Christopher Ward’s C63 Sealander GMT is one of those instantly recognizable watches. A glance will tell you that the Rolex Explorer II inspired the overall look. But zoom in a bit more, and you will find out that the designers at Christopher Ward created a watch that is rather different in its details. The clear references to the Explorer II come from the fixed stainless steel bezel and the colors of the dial and hands. However, the different execution of certain elements separates the C63 Sealander GMT from the famous silhouette it takes after. Whatever your take on this design, the fact is that the series is incredibly popular with watch fans. That’s why we wanted to find out more about the available models.
The story of the Christopher Ward C63 Sealander GMT
The 39mm model debuted in 2021. Over time, the branding on the dial has changed, but the overall design has remained the same.

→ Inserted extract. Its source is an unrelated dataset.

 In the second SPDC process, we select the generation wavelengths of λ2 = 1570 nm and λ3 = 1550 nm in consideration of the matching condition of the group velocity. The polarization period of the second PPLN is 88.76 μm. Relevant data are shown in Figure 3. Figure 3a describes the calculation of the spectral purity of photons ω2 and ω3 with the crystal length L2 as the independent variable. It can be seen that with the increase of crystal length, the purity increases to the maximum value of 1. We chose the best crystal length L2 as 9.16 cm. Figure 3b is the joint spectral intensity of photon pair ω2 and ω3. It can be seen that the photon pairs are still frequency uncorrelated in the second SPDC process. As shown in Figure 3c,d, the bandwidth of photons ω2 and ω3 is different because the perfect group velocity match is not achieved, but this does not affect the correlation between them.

The brand introduced the smaller 36mm version at the beginning of this year. It’s a welcome addition to the lineup that many fans have wanted to see for a long time. As a result, you now have the choice of two sizes and three shared dial colors. The 39mm version has a fourth dial option, which we might see in the 36mm model soon.

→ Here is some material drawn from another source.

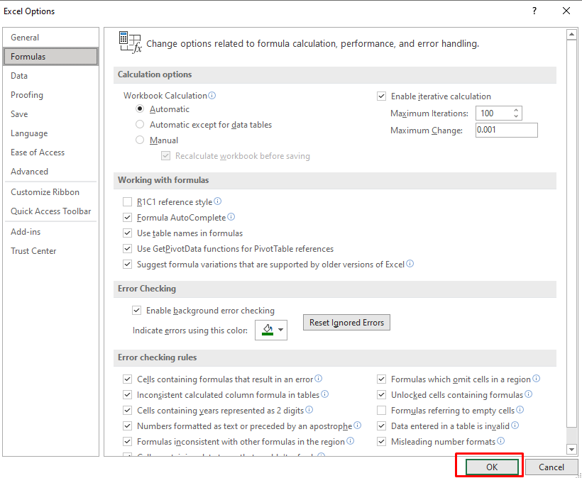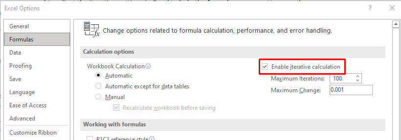 You may need to adjust the iteration settings in Excel in order to help your formula to converge. Here’s how to do it:

The first two dial colors are black gloss and white gloss. The third option is the Dragonfly Blue dial. It’s an interesting blue with a sunray finish that first debuted in the 39mm version last August. The 39mm version is also available with a dark green gradient dial. Out of the available options, we picked the white-dial versions for this comparison. I usually gravitate towards black dials, but this was a nice opportunity to change things up. As it turned out, it was the right choice because these two watches drastically changed my opinion of crisp white dials. But let’s start at the beginning before we address the conclusions.
The case size and visual proportions of the C63 Sealander GMT models
Both C63 Sealander versions feature familiar C63 cases in different sizes. The 39mm model measures 45.8mm long and 11.85mm thick, whereas the case of the smaller 36mm model measures 43mm long and 11.15mm thick. As you can see, the diameter differs by 3mm and the lug-to-lug is also proportionally smaller on the 36mm model at 2.8mm. The smaller model is 0.7mm thinner, which is welcome, though it does not make a drastic difference on the wrist. Overall, the measurements and proportions make both watches perfectly suitable for various wrist sizes.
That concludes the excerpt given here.